Peony botrytis can splash from disease-laden debris to infect and kill frost-damaged flower buds early in spring—before we even recognize them as buds. The infection lingers there, splashing around and getting new toeholds in weak spots on leaves and stems damaged by wind or insects. The degree of infection increases over years until the plant is too weak to bloom or is a splotchy mess by midsummer. Infected roots harbor shoot-infecting disease spores even below ground and are often too weak to support the stems.
Remove and burn or put peony foliage into a hot compost—if stems are hollow and brown where you cut, cut further down until you see solid white pith. If the infection goes below ground, dig and divide that peony, replanting only solid, uninfected roots. A copper-based fungicide such as Bordeaux mix can be applied in spring as the shoots emerge and weekly until they’re about a foot tall, but removing diseased debris is more important.
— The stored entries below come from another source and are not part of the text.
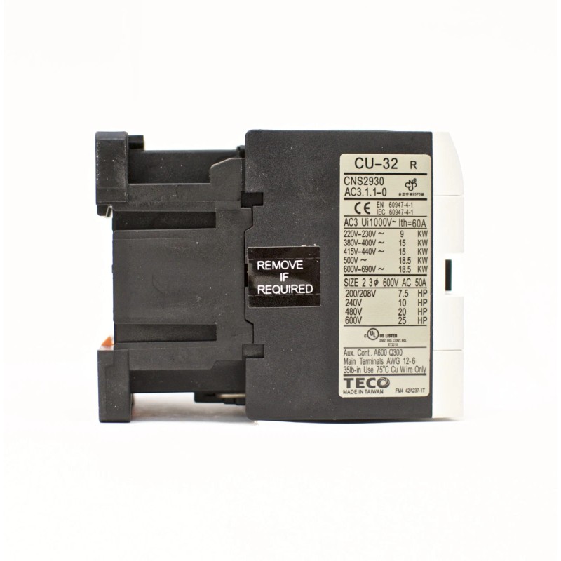 TECO CU-32R magnetic contactor, 50 Amp, 3 phase, 24v coil, 3A1a1b (NO and NC)
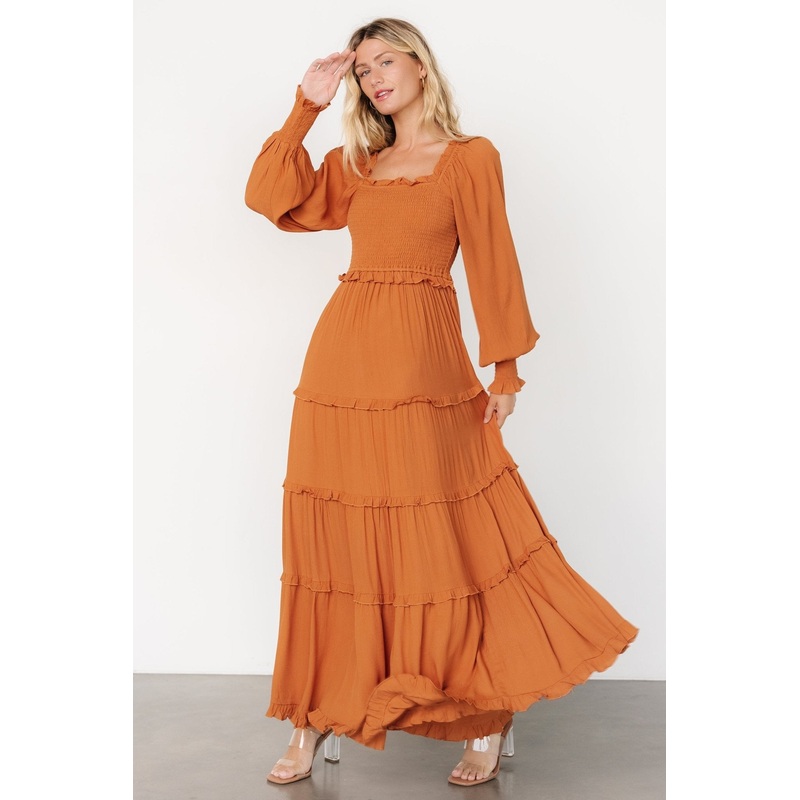 Stay comfortable while looking classySolid camel colorMaterial has no stretchSquare neckline with ruffle detailSmocked bodiceLong sleeves with smocking and ruffle detail at cuffsTiered maxi skirt with ruffle detailsSkirt lined until second to last tierSelf
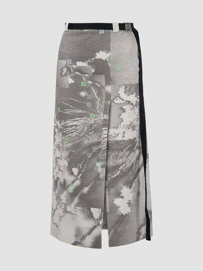 Shadow Floral Buckle Pencil Skirt In Grey Print
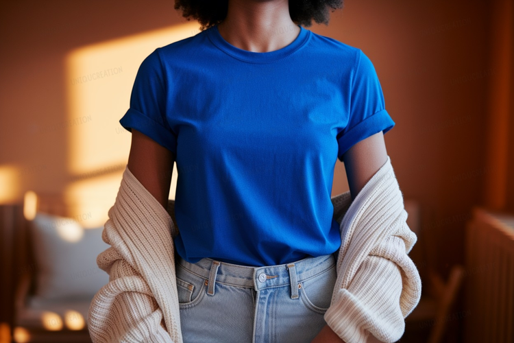 Similar Design Products to Woman wearing blue t shirt and cardigan image
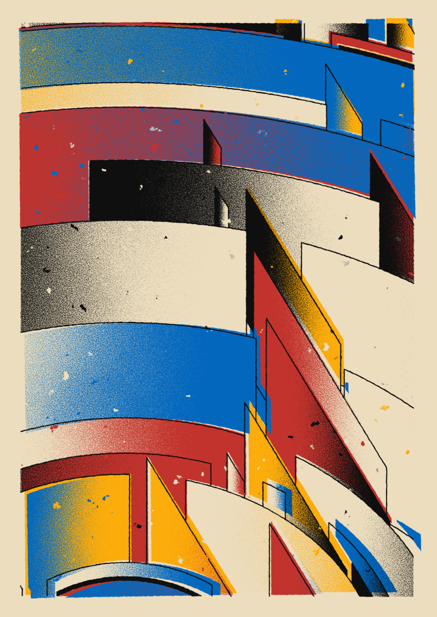 The generative system underlying the rendering mimics the screen printing process by rendering and applying a single color at a time to a master image. Each virtual screen may be more or less aligned with the master, creating a lovely flawed balance to the precision of the rendered geometry.

Sometimes it’s depressing to know that next year’s problems are already lurking, but only in the narrow view. In the broader view, it’s clear that only a few of the many plant species we grow have significant problems in any given year. We also see there are many living things attached to each plant—perhaps 30 different organisms overwinter on each plant. Many are next year’s “good guys,” so I limit fall garden-scouring to areas of known trouble and let the blessed unknown on other plants rest undisturbed.